Research Interests

My principal research interest is in large-scale multi-modal (typed/heterogeneous) information networks, and more generally in data mining, databases, machine learning, statistics and network science. Due to the size of certain information networks and their corresponding databases, most of my work falls within big data paradigm, which requires an expanded use of new technology.

Vaguely, some of the goals include: (1) understanding the underlying mechanism of information network formation; (2) mining interesting and useful patterns in such networks; (3) predicting the evolution patterns for dynamic information networks; and (4) studying real-world applications and helping decision-makers design better information networks to enhance their usability.

Current Projects

The Notre Dame Information Network Analysis (NINA) Toolkit is an open source network analysis framework that combines the best, cutting edge resources from text analysis, machine learning, and network science fields into a single toolkit.

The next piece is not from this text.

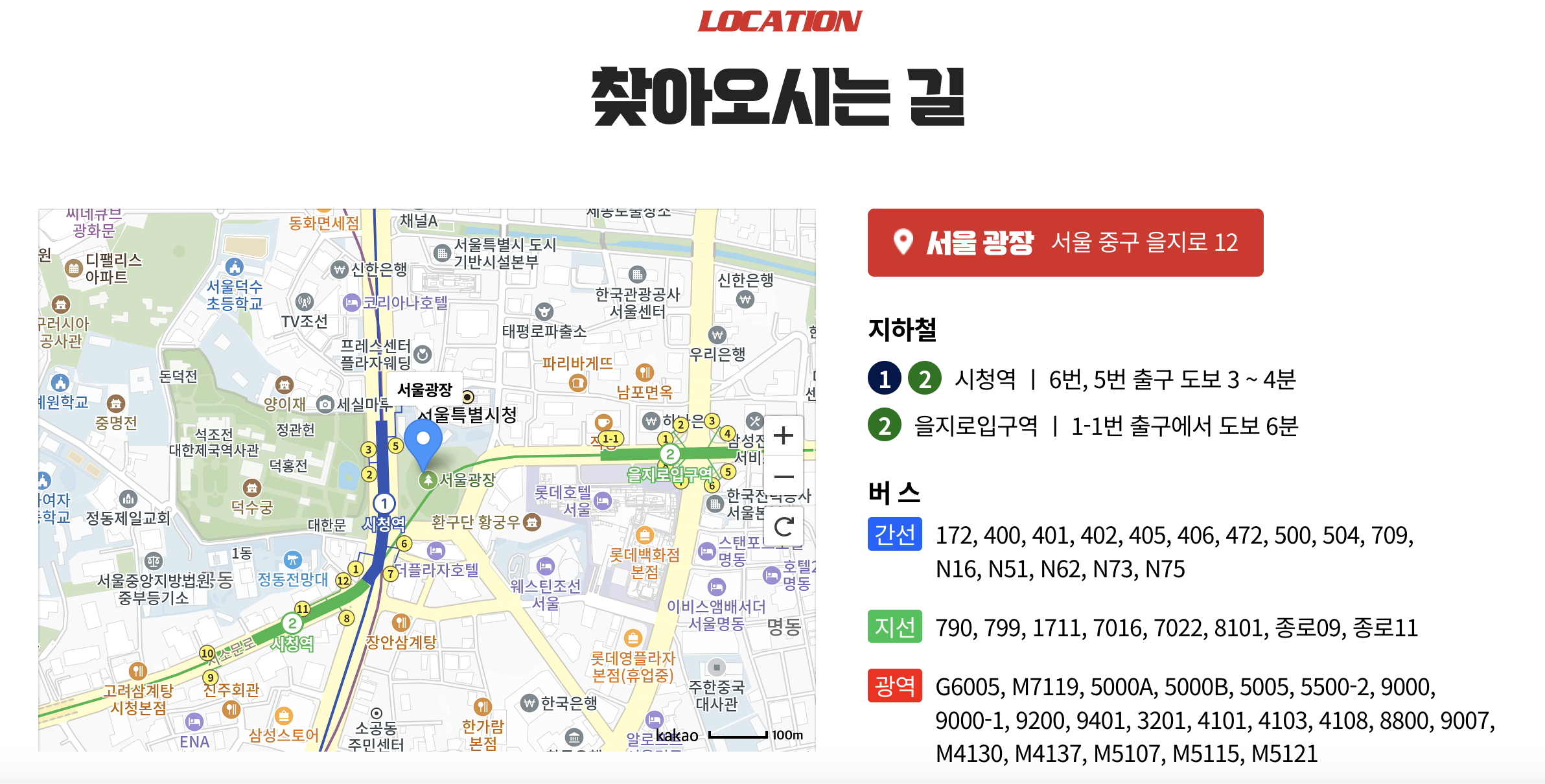 대중교통을 이용하시는게 좋습니다. 서울광장에 도착하는 많은 버스가 안내되어 있으니 참고바랍니다.

This toolkit is under active development and is currently released without any warranty whatsoever.
By viewing certain networks as hierarchies we've been successful at identifying types and roles of actors within the network. This is part of an ongoing task to explore the formation and dynamics of multi-model networks.
Social news Web sites like Slashdot, Reddit, Fark, etc. are a new type of Web democracy movement that is changing the way people organize and consume information. We are actively investigating the methods and implications for this new type of media platform.
We have been investigating how the network representation of the World Wide Web can be used to create a to improve information processing technologies to aid in better access, organization and retrieval.

Past Projects

Timelapse/Evolution of a research paper - I submitted a paper to a conference in 2013. While writing this paper I took a snapshot every time I compiled the latex file. This resulted in 463 individual snapshots. I wrote some scripts to glue all the pages together and then snipped the frames together. This is the result.
The problem of extracting structured data from the Web has been traditionally approached by taking into account either the underlying markup structure of a Web page or the visual structure of the Web page. We propose a new hybrid method that uses both visual and HTML cues to extract general lists and tables from the Web.
Typical Web pages contain lots of information. We argue that a lot of the space on a Web page is filled with advertisements, navigational menus, copyright information, and other items, which should not generally be considered content. For many reasons we ought to find ways to extract only the content of a Web page, and throw out all of the non-content junk.
I was fortunate to win a few PhD fellowships. I remember struggling to find examples of winning essays when I formulating my proposal, so I've decided to publish my essays, as well as my theses in order to help folks like me.